_EXERCISE:_
Copy out all of the data word for word. Omit every picture.
### THE DATA
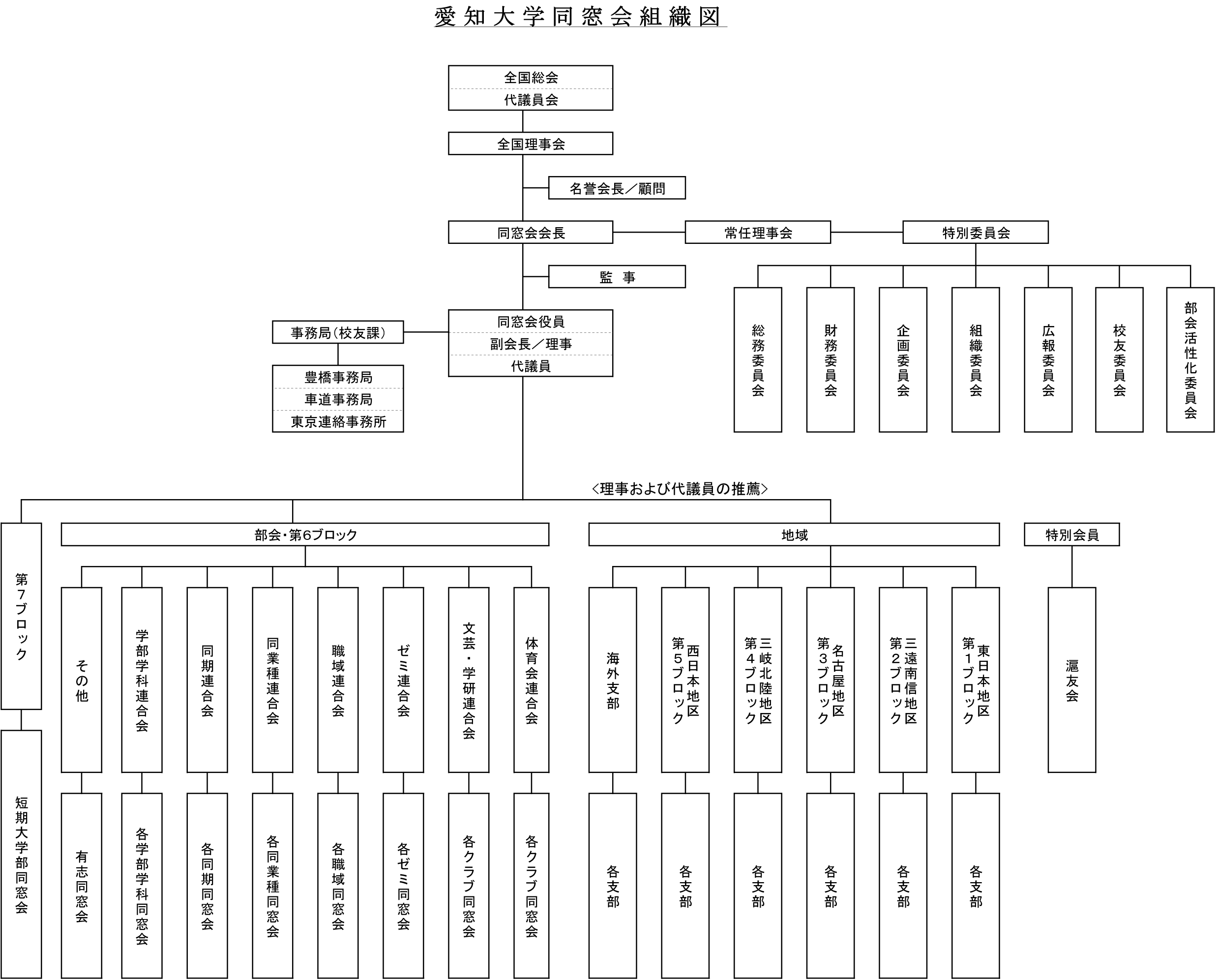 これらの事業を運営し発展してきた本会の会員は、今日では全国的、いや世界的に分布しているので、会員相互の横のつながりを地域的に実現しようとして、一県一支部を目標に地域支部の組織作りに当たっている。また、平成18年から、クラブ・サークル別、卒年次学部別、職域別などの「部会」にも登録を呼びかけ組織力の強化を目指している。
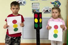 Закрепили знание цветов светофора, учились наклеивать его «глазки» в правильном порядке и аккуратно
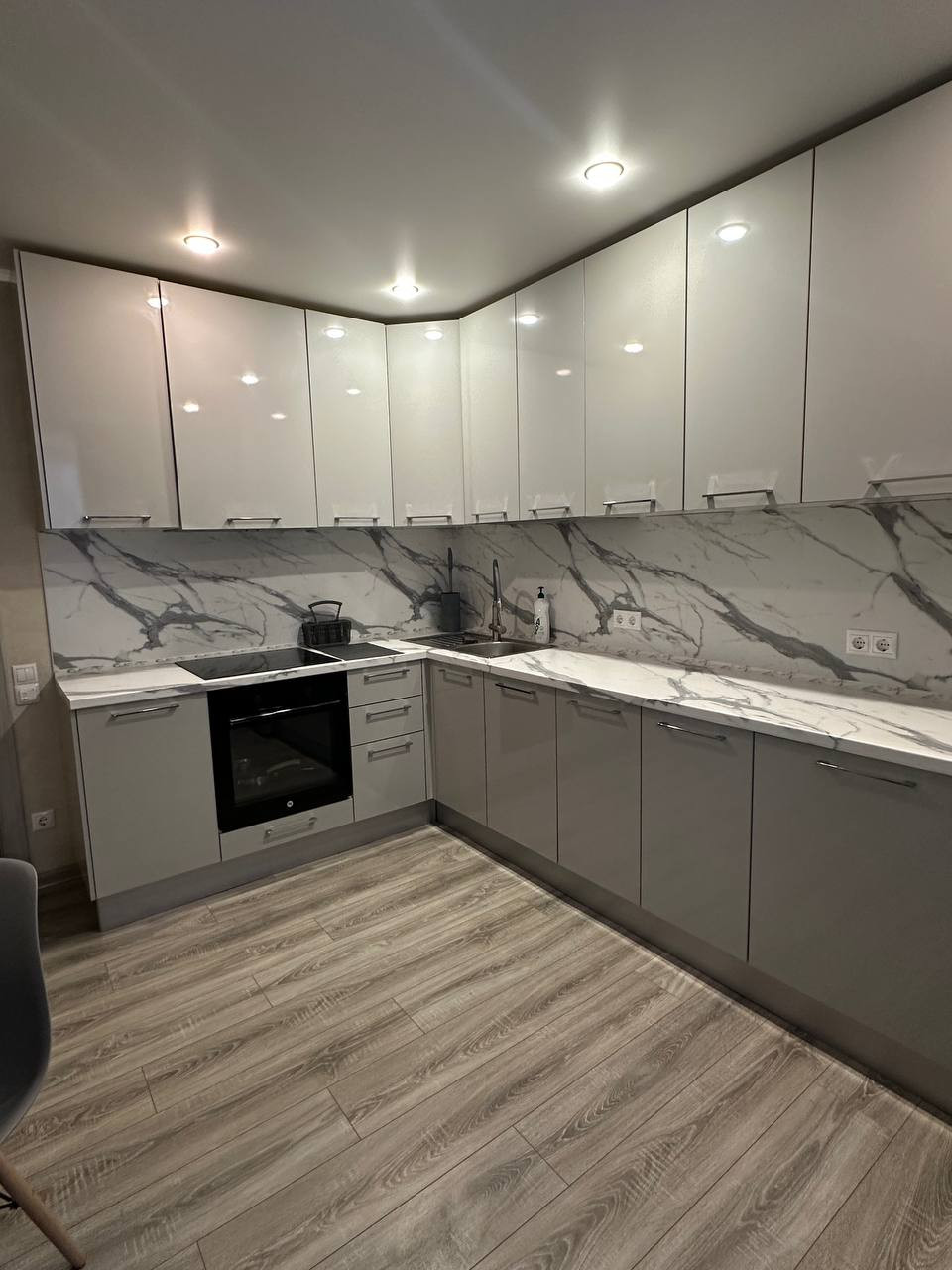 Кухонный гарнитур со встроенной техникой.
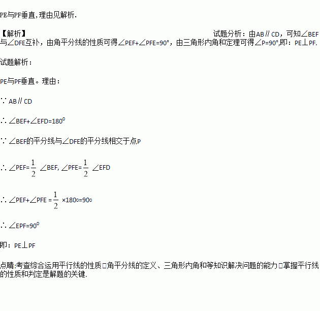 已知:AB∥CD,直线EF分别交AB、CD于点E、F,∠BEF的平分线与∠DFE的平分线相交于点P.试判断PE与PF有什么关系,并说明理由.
######
_REPLY TO THE EXERCISE:_
 これらの事業を運営し発展してきた本会の会員は、今日では全国的、いや世界的に分布しているので、会員相互の横のつながりを地域的に実現しようとして、一県一支部を目標に地域支部の組織作りに当たっている。また、平成18年から、クラブ・サークル別、卒年次学部別、職域別などの「部会」にも登録を呼びかけ組織力の強化を目指している。
 Закрепили знание цветов светофора, учились наклеивать его «глазки» в правильном порядке и аккуратно
 Кухонный гарнитур со встроенной техникой.
 已知:AB∥CD,直线EF分别交AB、CD于点E、F,∠BEF的平分线与∠DFE的平分线相交于点P.试判断PE与PF有什么关系,并说明理由.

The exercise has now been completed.